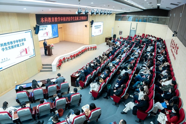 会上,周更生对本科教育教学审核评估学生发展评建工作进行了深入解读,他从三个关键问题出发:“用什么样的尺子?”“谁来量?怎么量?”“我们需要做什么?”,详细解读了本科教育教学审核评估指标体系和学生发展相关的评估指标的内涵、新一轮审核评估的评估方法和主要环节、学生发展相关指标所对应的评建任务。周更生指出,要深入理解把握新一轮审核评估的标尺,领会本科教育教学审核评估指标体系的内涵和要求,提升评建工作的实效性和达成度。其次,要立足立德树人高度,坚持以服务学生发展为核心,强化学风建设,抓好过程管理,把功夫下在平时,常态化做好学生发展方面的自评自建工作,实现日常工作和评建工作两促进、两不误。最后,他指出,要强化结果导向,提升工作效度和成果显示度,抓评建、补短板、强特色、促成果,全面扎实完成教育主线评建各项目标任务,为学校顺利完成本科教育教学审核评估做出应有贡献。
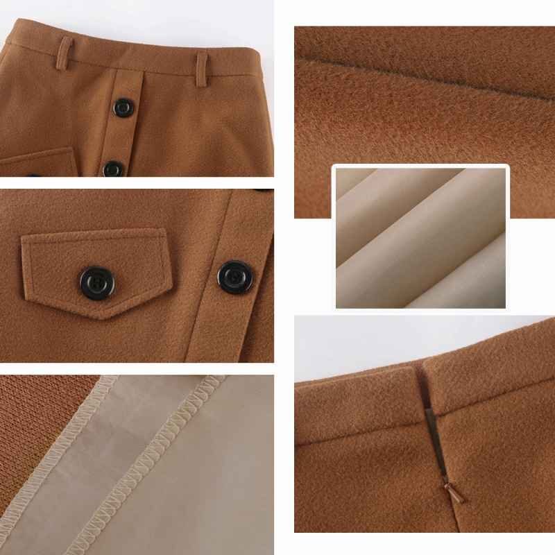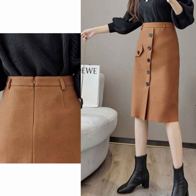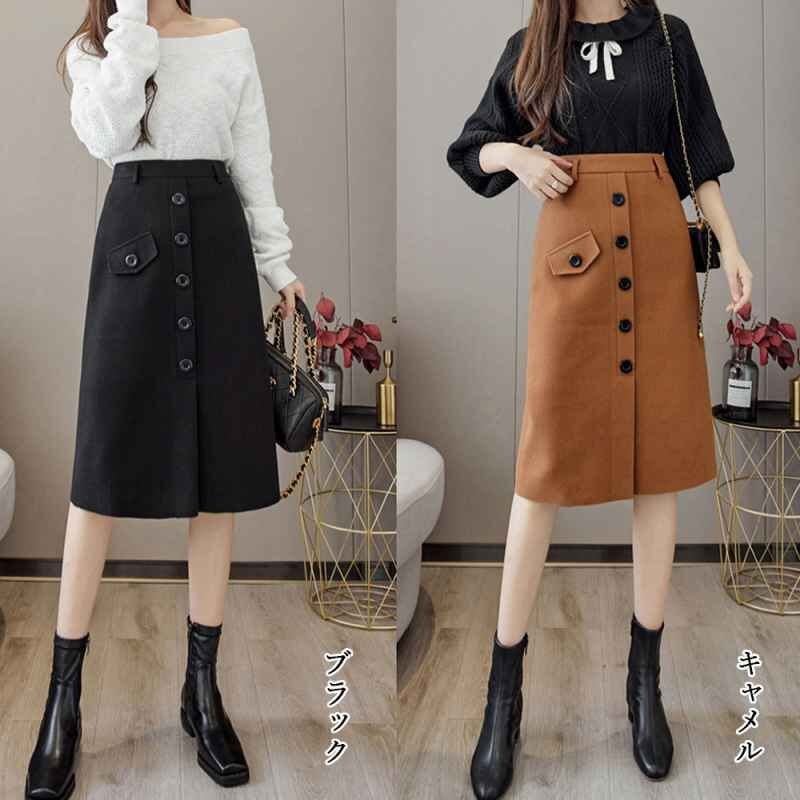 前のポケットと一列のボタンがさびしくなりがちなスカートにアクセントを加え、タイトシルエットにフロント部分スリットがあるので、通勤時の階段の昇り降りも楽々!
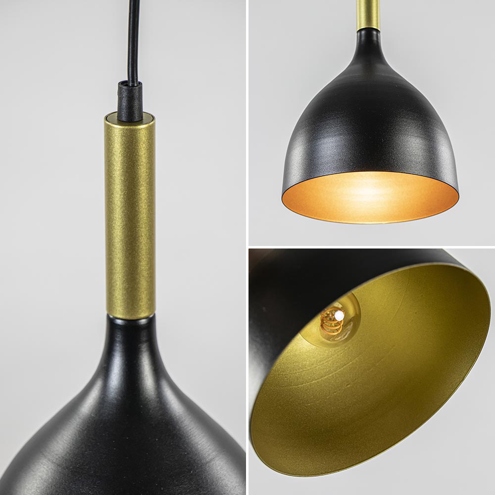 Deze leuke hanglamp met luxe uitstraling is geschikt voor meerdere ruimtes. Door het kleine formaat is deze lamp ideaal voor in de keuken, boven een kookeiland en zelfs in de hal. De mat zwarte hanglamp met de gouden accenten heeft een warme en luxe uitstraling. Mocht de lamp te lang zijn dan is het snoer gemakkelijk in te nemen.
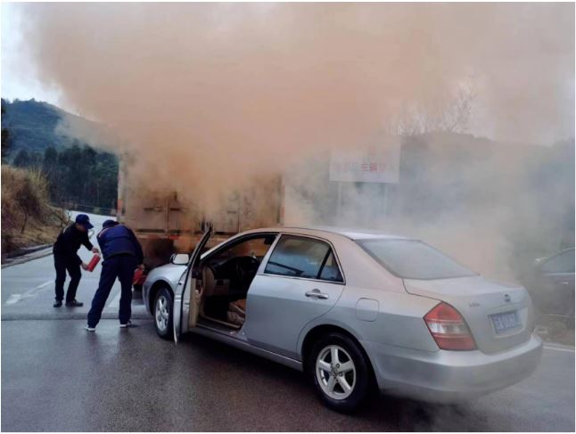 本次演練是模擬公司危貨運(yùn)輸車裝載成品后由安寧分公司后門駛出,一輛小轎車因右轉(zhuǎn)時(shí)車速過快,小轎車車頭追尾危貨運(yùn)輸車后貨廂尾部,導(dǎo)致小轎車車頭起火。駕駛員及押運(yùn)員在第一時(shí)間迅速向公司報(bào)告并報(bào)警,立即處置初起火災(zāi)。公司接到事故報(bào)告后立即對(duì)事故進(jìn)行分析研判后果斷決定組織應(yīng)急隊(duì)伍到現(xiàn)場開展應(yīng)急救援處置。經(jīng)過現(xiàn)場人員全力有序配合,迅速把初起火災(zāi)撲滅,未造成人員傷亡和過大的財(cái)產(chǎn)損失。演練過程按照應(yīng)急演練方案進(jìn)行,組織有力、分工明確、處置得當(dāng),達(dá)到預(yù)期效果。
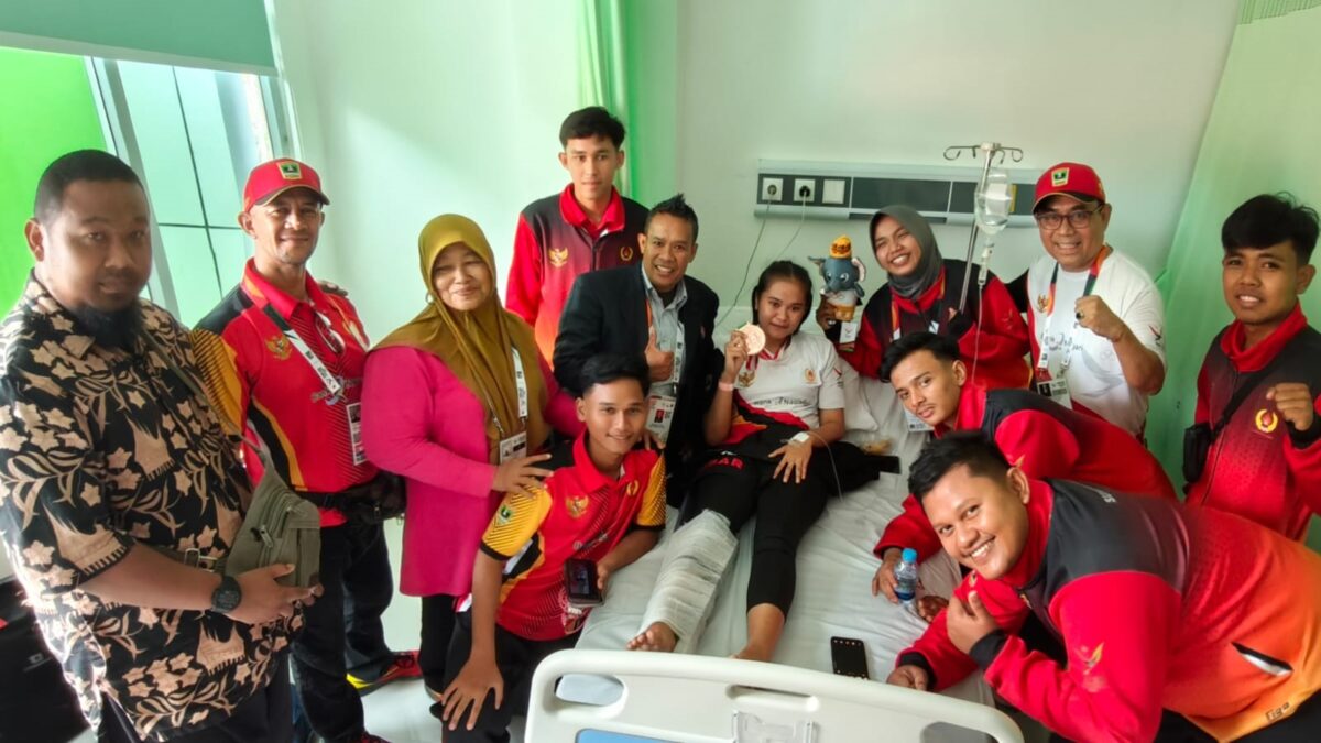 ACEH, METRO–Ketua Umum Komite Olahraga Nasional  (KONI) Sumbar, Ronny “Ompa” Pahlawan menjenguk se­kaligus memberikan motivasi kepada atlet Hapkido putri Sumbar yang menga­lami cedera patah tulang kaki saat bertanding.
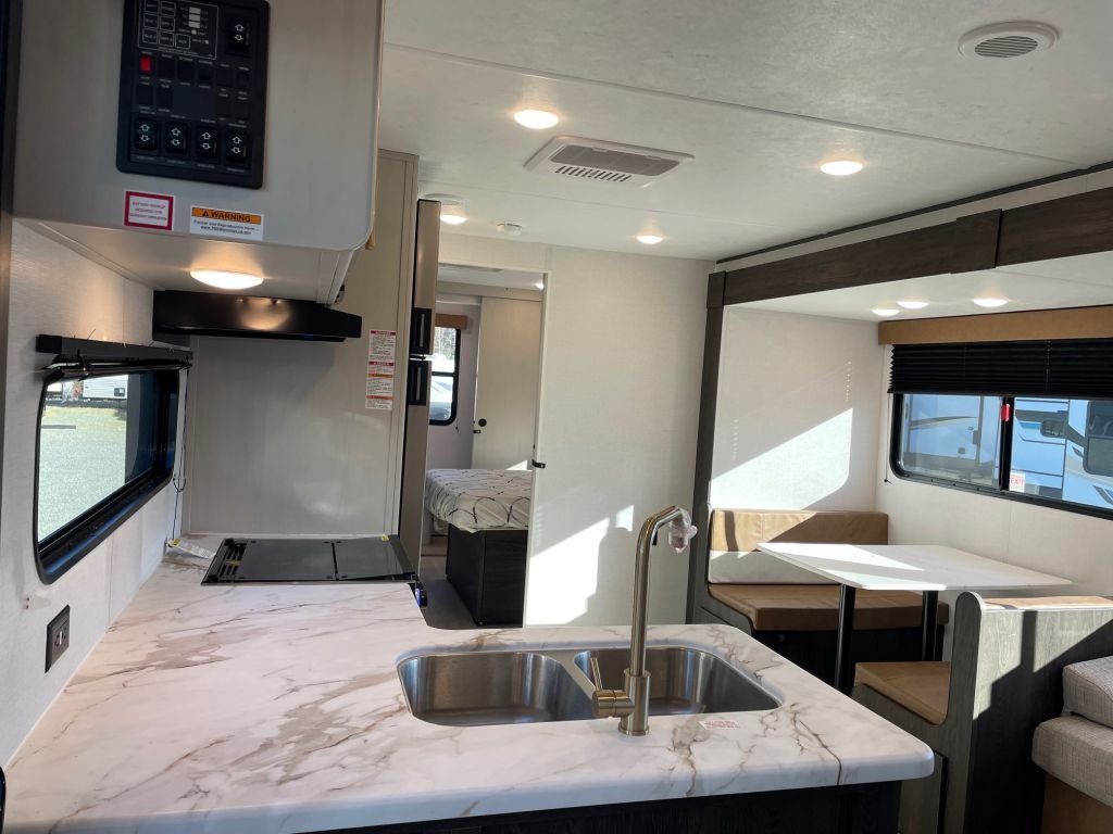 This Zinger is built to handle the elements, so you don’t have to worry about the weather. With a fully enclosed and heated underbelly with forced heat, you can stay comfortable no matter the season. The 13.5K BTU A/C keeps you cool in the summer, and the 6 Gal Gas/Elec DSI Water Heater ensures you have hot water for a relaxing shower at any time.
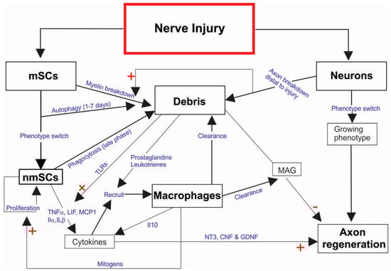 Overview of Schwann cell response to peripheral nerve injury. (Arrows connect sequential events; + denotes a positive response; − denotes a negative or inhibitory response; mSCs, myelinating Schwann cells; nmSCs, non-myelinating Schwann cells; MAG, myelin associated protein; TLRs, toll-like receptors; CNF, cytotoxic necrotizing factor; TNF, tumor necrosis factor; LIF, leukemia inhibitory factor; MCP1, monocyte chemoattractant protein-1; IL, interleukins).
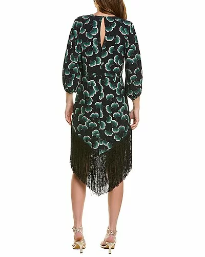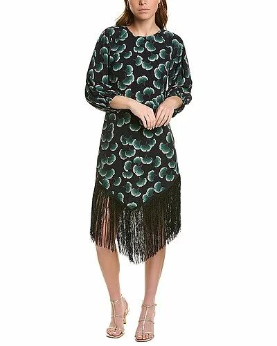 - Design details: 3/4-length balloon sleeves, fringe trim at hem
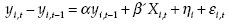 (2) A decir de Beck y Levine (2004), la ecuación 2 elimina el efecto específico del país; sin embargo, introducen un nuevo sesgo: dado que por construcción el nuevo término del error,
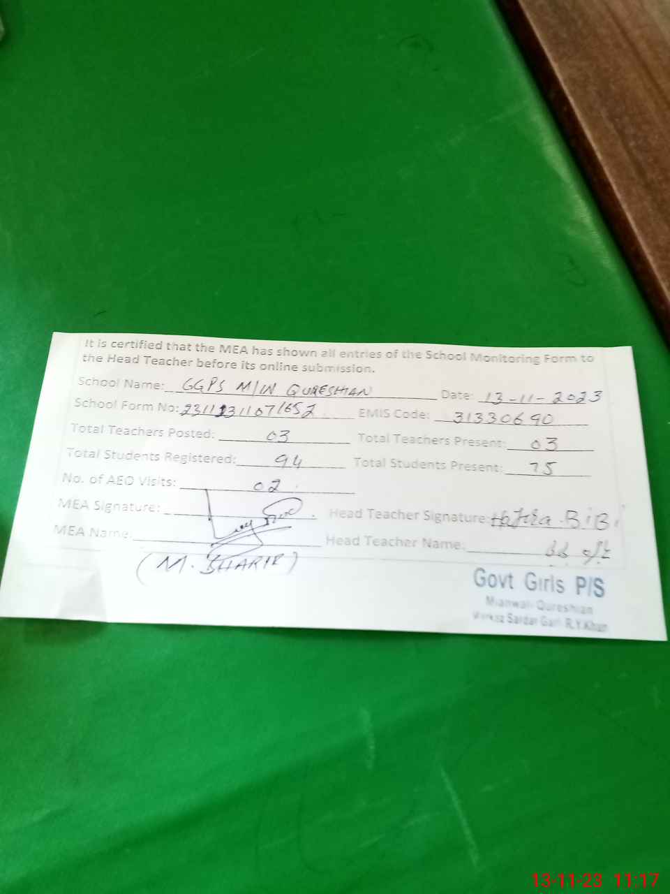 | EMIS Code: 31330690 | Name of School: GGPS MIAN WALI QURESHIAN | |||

---

**WORK TO BE COMPLETED**: Write out exactly the run of lines above that starts at the line containing "ACEH, METRO–Ketua Umum" and ends at the line containing "This Zinger is". Include both, and leave the pictures out.

**ANSWER TO THE EXERCISE**:
 ACEH, METRO–Ketua Umum Komite Olahraga Nasional  (KONI) Sumbar, Ronny “Ompa” Pahlawan menjenguk se­kaligus memberikan motivasi kepada atlet Hapkido putri Sumbar yang menga­lami cedera patah tulang kaki saat bertanding.
 This Zinger is built to handle the elements, so you don’t have to worry about the weather. With a fully enclosed and heated underbelly with forced heat, you can stay comfortable no matter the season. The 13.5K BTU A/C keeps you cool in the summer, and the 6 Gal Gas/Elec DSI Water Heater ensures you have hot water for a relaxing shower at any time.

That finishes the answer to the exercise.